Bench Memos

Law & the Courts

Revisiting Harris Funeral Homes’ Compelling Government Interest Analysis after Fulton

The Supreme Court building in Washington, D.C., June 17, 2021. (Jonathan Ernst/Reuters)

In the latest Supreme Court showdown involving LGBT discrimination and religious liberty, Fulton v. Philadelphia, the Court ruled 9–0 for religious liberty. The issue in Fulton was whether the City of Philadelphia could ban Catholic Social Services (CSS) from the city’s foster-care program for declining to certify same-sex couples as foster parents based on CSS’s religious beliefs about marriage. Dozens of other foster agencies were willing to certify same-sex couples as foster parents. The Court unanimously held that the City’s actions violated the Free Exercise Clause of the First Amendment.

To reach this conclusion, the majority of Justices looked to Employment Division v. Smith, a 1990 case that subjects non-neutral and non-generally applicable government policies or laws to “strict scrutiny” when they burden religious exercise. Strict scrutiny means the policies are unconstitutional unless the government can prove it has a compelling, narrowly tailored interest to justify burdening religious exercise. As Fulton explained, “so long as the government can achieve its interests in a manner that does not burden religion, it must do so.”

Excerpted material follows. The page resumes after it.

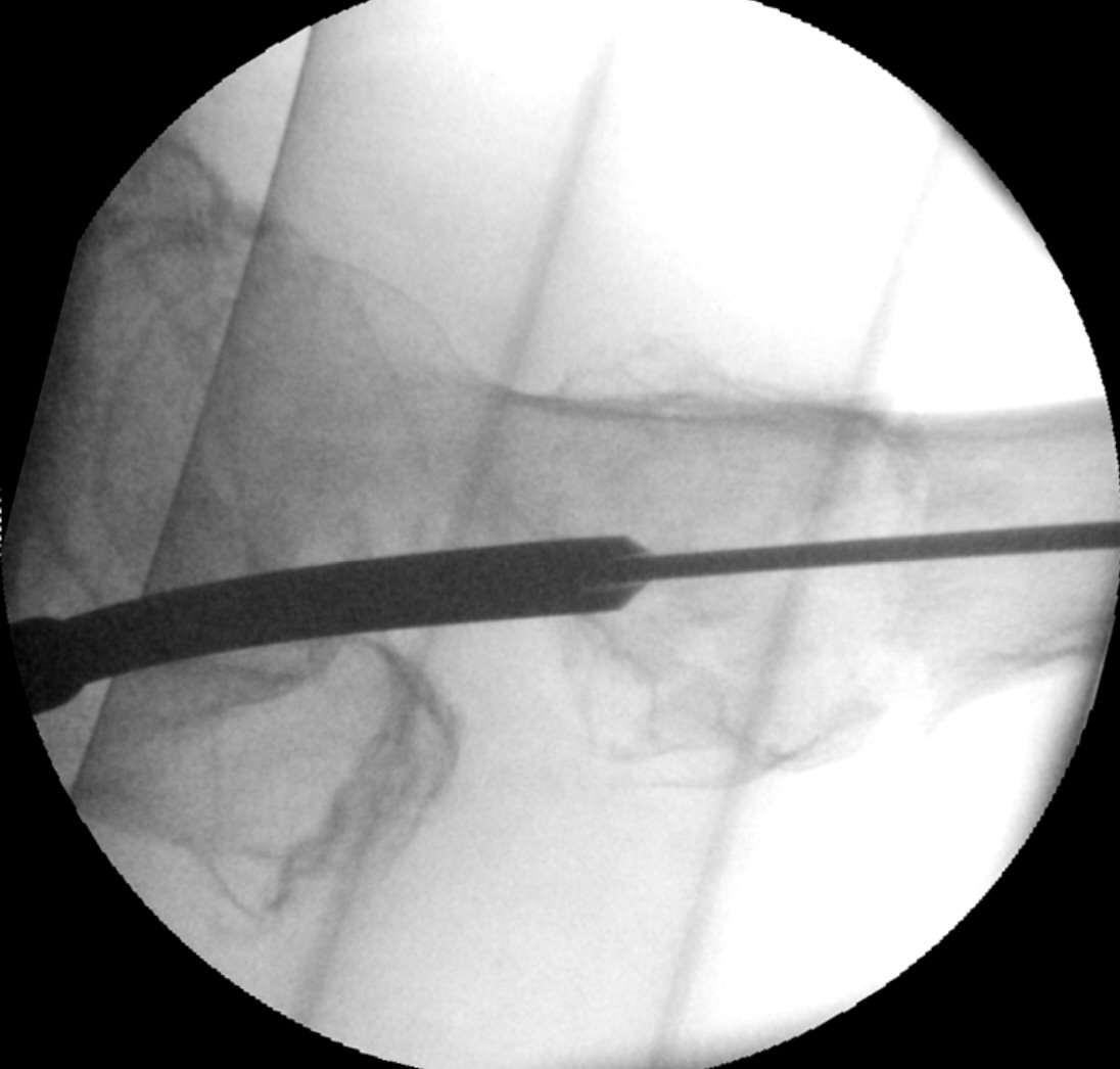 - Kontrollera i genomlysning att guidewirern ligger inne i benet, även distalt.

Because Philadelphia on paper allowed for exceptions to its non-discrimination policy (though none had ever been granted), it was not a “generally applicable” policy and thus subject to strict scrutiny. The Court explained that the question “is not whether the City has a compelling interest in enforcing its non-discrimination policies generally, but whether it has such an interest in denying an exception to CSS.” As Justice Neil Gorsuch wrote in another case, Fulton explains that “strict scrutiny demands ‘a more precise analysis’”: a government’s “general interest” in its regulations are not compelling “without reference to the specific application of those rules to [the specific party].”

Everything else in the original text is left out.